Simplifications can be revolving around these two ideas, of course, starting from instantly trying to find the best matching $10^d$ to still using the series with a couple of terms, or trying out only small primes in order to get the simplest possible proof that $e^r$ is not rational and so on.
For example
$$\pi^{\pi+1}\ln(\pi) = 189\ln(2)+r$$
Now you calculate $e^r$ to about 60-digit precision. The worst case scenario is that it is of the form $\frac{p}{2^{189}}$ which would be obvious that it is not from its form. (Not that mathematicians were not capable of using binary form I doubt dealing constantly just with $0$ and $1$ would be beneficial. Still it is a very nice feature to have that $r$ has to stop in binary representation.)
Finally we pick
$e^{\pi^{\pi+1}\ln(\pi)- 56\ln(10)} = 8.874551721831242958746314552254346026884128667654661250051588548428...$
proving it is not an integer. The precision is about 65 digits and it does not end with the stream of $0$'s or possibly $9$'s.
19th century mathematicians were much smarter than this sample of ideas for sure.
Not to forget then about the "and now" part.

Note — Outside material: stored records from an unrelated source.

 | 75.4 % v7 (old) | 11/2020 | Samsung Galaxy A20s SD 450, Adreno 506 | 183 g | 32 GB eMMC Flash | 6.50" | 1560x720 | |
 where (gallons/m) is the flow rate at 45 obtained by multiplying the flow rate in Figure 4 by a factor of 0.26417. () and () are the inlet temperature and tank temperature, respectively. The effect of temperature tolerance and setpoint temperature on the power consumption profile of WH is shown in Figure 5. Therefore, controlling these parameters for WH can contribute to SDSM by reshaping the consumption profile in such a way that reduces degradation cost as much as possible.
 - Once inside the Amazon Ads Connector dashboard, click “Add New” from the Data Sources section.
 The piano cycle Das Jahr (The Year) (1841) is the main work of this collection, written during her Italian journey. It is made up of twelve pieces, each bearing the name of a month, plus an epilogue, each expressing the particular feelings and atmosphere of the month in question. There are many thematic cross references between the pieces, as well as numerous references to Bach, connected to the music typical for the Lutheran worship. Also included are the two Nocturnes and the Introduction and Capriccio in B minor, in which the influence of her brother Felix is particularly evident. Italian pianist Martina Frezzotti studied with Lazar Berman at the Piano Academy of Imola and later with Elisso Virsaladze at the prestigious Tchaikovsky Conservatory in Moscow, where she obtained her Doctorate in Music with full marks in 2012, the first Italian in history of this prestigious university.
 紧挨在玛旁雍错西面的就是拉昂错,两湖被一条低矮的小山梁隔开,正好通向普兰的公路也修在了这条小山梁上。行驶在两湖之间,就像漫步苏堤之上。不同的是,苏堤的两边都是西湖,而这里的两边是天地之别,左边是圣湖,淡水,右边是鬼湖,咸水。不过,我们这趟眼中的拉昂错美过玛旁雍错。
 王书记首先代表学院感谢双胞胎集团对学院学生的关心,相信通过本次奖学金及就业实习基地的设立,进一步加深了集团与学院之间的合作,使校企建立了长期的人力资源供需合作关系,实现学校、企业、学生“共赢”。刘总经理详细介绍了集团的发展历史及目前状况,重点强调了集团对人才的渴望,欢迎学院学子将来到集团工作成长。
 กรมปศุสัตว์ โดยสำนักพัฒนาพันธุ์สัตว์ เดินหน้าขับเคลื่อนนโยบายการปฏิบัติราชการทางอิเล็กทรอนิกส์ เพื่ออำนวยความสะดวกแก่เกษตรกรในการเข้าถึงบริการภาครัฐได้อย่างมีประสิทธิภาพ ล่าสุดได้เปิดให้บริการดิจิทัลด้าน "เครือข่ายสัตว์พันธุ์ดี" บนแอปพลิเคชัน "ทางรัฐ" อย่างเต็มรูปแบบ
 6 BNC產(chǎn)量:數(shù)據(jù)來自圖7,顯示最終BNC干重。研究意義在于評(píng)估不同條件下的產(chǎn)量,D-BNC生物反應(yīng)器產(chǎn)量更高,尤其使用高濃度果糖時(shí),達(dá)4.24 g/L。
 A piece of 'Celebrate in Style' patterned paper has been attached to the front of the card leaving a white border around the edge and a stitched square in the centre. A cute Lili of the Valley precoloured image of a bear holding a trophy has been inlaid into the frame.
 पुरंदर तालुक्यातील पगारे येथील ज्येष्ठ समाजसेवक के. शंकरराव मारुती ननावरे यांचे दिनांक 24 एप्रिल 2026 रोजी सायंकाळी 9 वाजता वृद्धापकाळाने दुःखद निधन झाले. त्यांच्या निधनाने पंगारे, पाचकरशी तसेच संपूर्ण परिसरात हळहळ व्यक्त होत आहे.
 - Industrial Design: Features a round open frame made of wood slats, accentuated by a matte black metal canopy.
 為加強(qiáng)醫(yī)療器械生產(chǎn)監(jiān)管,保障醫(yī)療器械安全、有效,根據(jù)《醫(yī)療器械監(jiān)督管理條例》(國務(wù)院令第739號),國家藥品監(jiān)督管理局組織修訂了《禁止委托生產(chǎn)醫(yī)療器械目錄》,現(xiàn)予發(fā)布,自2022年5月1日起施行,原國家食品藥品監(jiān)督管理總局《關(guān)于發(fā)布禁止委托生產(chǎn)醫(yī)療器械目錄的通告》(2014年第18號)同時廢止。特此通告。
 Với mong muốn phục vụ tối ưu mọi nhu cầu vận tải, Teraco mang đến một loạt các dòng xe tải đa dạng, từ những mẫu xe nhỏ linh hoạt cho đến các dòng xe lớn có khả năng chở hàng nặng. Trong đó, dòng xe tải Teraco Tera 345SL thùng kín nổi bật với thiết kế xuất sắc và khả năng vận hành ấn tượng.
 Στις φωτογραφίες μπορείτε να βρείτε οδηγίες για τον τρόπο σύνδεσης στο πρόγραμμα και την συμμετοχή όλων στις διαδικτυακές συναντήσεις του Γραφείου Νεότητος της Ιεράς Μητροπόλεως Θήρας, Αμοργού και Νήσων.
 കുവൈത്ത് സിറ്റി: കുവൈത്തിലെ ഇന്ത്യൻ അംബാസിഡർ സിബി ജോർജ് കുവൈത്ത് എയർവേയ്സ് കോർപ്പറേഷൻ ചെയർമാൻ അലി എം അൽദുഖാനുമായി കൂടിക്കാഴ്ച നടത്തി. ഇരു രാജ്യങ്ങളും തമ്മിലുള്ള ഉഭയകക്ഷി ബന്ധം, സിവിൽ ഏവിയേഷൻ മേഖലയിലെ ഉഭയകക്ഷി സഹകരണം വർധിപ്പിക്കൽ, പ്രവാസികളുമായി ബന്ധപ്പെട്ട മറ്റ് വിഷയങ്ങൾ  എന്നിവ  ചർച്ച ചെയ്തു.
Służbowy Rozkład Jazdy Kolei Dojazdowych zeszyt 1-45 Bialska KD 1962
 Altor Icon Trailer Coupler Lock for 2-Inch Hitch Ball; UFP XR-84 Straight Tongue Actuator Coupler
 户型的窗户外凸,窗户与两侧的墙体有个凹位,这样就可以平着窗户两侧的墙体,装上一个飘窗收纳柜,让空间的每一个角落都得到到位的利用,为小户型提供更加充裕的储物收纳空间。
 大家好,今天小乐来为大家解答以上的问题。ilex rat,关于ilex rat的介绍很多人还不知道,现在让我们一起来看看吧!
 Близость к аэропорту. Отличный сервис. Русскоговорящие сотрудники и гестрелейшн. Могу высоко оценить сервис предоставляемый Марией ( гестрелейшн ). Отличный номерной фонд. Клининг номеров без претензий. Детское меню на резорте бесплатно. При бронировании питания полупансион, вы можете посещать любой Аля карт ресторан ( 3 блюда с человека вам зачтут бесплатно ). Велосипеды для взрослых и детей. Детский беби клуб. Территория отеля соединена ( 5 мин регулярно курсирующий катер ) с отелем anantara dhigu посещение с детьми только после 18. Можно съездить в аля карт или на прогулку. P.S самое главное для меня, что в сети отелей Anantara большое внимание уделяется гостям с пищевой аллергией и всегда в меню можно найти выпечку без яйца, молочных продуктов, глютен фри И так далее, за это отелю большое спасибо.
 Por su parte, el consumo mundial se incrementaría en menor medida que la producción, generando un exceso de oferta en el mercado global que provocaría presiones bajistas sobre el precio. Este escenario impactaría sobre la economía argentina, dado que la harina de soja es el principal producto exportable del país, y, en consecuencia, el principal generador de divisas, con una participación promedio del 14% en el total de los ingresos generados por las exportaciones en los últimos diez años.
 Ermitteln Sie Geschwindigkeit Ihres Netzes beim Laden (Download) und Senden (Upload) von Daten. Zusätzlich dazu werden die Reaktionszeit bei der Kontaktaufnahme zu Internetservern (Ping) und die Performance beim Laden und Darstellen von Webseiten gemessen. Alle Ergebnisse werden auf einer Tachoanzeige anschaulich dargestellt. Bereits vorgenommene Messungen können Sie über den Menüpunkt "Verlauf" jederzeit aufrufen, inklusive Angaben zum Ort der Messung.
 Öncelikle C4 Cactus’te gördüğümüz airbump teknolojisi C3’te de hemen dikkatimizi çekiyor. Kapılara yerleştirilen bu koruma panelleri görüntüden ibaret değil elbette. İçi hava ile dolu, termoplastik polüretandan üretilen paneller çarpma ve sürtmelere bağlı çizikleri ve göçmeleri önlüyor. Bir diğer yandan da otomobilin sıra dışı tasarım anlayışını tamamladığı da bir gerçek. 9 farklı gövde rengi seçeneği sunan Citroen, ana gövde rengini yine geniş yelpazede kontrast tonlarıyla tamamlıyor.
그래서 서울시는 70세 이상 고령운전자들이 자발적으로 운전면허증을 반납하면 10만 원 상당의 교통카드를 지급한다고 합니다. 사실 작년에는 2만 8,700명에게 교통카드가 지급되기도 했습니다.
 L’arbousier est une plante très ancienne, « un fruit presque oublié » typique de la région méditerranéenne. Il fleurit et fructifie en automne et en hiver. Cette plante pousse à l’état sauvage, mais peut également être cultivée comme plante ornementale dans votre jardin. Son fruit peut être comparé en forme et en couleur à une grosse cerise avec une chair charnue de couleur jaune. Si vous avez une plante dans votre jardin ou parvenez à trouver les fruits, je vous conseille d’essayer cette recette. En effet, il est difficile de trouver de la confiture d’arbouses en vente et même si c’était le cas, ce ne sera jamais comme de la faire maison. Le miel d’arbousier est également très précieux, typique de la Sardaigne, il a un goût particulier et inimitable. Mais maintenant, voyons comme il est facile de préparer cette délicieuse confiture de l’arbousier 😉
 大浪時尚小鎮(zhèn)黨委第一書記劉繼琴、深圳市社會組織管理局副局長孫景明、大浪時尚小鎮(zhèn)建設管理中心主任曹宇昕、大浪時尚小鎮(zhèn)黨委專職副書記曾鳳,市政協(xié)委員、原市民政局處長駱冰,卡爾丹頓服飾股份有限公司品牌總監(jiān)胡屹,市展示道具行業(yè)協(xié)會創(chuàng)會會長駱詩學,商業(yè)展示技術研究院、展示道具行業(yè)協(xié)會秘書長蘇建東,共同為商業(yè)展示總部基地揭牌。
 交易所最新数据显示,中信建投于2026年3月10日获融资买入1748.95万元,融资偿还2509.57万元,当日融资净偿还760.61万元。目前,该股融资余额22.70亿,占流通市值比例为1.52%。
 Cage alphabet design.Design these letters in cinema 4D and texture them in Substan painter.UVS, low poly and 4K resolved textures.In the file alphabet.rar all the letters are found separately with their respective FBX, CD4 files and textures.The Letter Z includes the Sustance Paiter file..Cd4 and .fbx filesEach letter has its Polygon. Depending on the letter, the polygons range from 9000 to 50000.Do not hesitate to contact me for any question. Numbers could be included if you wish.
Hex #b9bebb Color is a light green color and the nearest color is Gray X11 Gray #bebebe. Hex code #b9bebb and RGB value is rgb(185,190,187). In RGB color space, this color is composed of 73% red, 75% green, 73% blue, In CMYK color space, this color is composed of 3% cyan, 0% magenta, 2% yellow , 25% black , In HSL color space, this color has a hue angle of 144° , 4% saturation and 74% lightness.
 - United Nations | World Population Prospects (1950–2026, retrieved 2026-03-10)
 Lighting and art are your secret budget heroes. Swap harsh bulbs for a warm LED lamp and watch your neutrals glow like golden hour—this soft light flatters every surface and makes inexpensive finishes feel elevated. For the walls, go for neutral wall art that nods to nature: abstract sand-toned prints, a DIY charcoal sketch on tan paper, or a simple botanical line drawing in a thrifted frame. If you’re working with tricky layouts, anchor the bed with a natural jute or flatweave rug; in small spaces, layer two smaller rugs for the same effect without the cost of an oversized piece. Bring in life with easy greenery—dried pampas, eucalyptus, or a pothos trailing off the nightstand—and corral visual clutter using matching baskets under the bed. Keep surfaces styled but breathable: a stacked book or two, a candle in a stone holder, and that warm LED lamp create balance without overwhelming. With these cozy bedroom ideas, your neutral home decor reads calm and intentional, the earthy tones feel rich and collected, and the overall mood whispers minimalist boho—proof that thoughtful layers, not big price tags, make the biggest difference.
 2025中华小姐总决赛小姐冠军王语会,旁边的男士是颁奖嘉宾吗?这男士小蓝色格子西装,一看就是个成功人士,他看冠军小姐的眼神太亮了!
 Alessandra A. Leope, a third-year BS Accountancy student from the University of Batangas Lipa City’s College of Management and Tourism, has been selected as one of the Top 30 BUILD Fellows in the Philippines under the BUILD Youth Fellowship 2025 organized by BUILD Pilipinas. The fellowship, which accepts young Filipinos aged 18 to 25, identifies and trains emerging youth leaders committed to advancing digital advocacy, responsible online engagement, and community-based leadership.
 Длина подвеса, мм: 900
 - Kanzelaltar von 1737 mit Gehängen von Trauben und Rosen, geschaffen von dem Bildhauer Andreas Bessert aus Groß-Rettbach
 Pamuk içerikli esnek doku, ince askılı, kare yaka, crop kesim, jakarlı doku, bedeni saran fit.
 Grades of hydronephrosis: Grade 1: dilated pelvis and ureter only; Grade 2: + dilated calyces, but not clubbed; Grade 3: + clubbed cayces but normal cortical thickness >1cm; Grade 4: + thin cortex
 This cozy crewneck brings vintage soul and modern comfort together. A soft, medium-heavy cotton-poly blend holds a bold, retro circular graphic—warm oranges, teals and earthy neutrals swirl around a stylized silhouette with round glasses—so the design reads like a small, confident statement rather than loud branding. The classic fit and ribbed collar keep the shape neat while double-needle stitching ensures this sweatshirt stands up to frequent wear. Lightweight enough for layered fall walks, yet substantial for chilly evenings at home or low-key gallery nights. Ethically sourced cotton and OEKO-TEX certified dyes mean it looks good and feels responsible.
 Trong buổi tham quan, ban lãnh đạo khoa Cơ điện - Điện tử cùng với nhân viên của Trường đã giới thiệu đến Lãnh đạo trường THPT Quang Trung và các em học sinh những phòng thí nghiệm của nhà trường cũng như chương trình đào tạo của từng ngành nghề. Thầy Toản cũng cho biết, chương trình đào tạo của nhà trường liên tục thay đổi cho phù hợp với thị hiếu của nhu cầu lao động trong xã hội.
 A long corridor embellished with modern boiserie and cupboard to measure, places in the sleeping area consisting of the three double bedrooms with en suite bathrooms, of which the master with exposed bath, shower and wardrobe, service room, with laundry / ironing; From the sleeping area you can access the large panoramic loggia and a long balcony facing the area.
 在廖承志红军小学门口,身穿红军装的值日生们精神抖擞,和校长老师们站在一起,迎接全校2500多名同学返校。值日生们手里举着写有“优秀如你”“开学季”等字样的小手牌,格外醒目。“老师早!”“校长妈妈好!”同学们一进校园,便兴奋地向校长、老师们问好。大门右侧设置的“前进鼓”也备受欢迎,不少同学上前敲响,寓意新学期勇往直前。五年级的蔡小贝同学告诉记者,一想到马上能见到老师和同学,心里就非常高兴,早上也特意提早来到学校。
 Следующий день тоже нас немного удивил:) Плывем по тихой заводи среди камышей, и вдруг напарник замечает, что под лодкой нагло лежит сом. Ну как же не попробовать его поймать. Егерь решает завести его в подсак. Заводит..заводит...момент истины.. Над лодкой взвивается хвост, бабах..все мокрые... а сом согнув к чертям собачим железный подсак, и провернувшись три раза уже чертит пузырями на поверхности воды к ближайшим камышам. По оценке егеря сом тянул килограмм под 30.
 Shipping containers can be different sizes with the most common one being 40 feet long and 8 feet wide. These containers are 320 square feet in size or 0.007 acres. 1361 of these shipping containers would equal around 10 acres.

All we need is to prove that
$$e^{\pi^{\pi^\pi}\ln(\pi)-2213275961092431622\ln(2)}$$
is irrational. Piece of cake for 22nd century mathematician. :)
The most likely future proof is going to claim that
$$ \{ 1,^{n}\pi | n \in \mathbb{N} \} $$
are all linearly independent over $\mathbb{Q}$, where $^{n}x$ is tetration. Meaning none of exponents is an integer.